== ASSIGNED TASK ==
All pictures are to be omitted while the lines starting at the line with "Rechargeable Double Ended" and ending at the line with "Purple Wave is" in the material below are retyped exactly, both ends included.

== MATERIAL FOR THIS EXERCISE ==
============
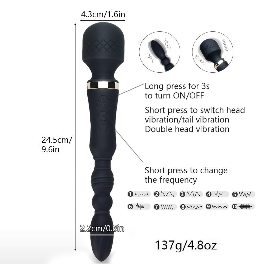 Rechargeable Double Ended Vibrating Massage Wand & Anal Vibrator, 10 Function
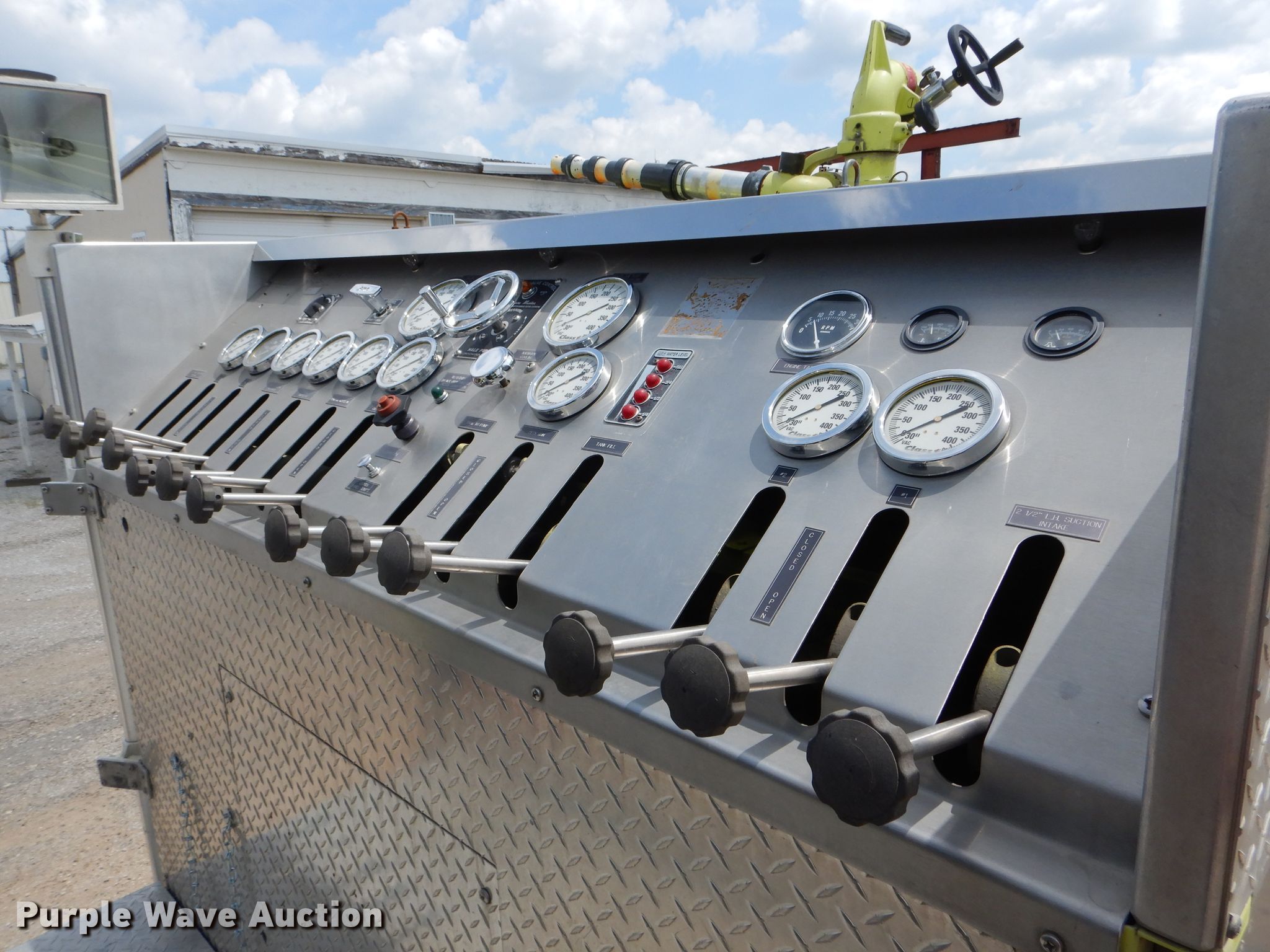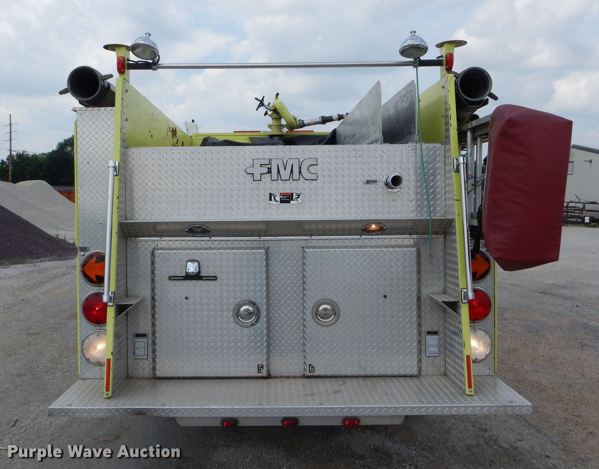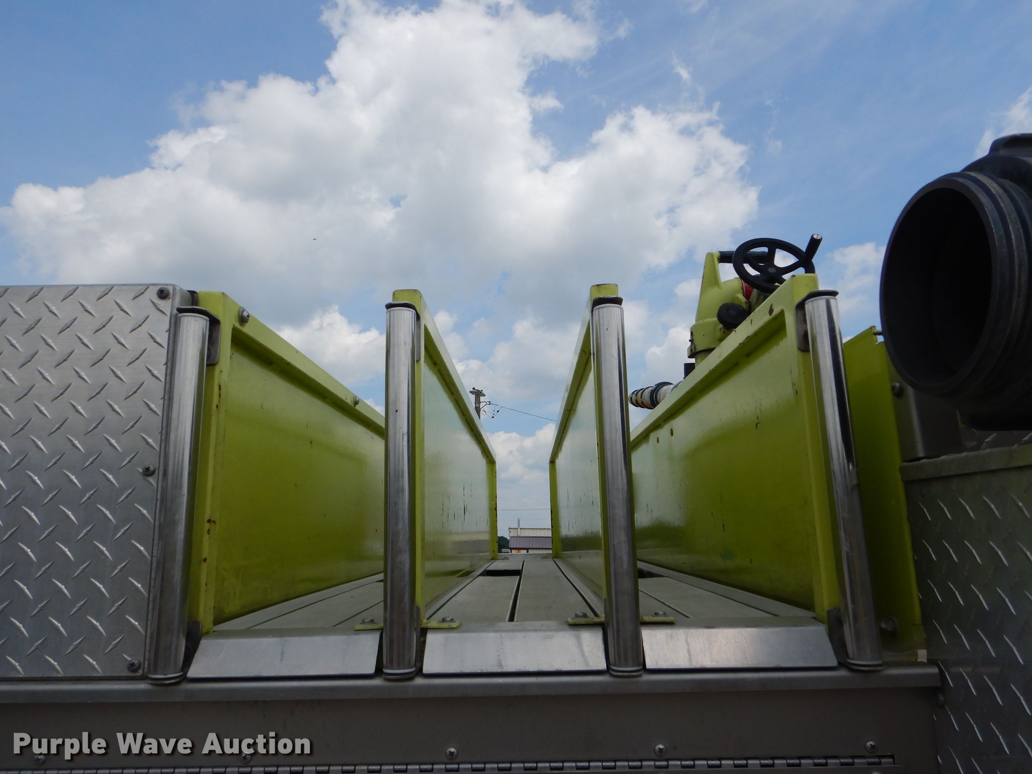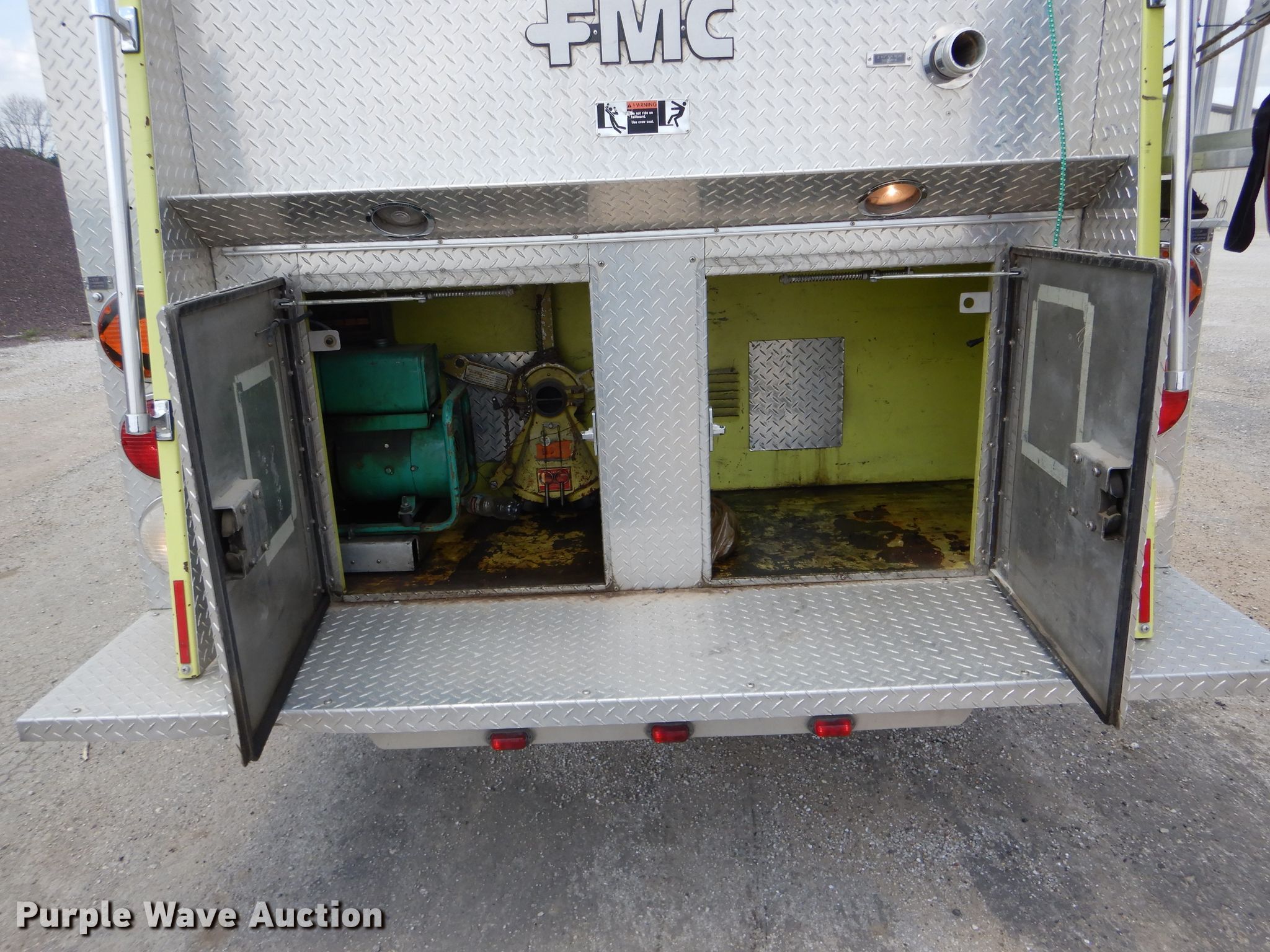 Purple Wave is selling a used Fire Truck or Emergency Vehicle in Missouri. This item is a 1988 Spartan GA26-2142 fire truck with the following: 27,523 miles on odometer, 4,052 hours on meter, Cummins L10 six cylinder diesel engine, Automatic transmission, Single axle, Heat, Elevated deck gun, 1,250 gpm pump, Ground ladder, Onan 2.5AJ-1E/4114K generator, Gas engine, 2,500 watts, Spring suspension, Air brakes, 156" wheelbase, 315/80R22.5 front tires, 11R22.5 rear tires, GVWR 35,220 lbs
============
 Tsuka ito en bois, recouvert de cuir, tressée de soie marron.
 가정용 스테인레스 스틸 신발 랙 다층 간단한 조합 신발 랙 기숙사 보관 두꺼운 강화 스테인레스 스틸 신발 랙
============
== OUTPUT OF THE EXERCISE ==
 Rechargeable Double Ended Vibrating Massage Wand & Anal Vibrator, 10 Function
 Purple Wave is selling a used Fire Truck or Emergency Vehicle in Missouri. This item is a 1988 Spartan GA26-2142 fire truck with the following: 27,523 miles on odometer, 4,052 hours on meter, Cummins L10 six cylinder diesel engine, Automatic transmission, Single axle, Heat, Elevated deck gun, 1,250 gpm pump, Ground ladder, Onan 2.5AJ-1E/4114K generator, Gas engine, 2,500 watts, Spring suspension, Air brakes, 156" wheelbase, 315/80R22.5 front tires, 11R22.5 rear tires, GVWR 35,220 lbs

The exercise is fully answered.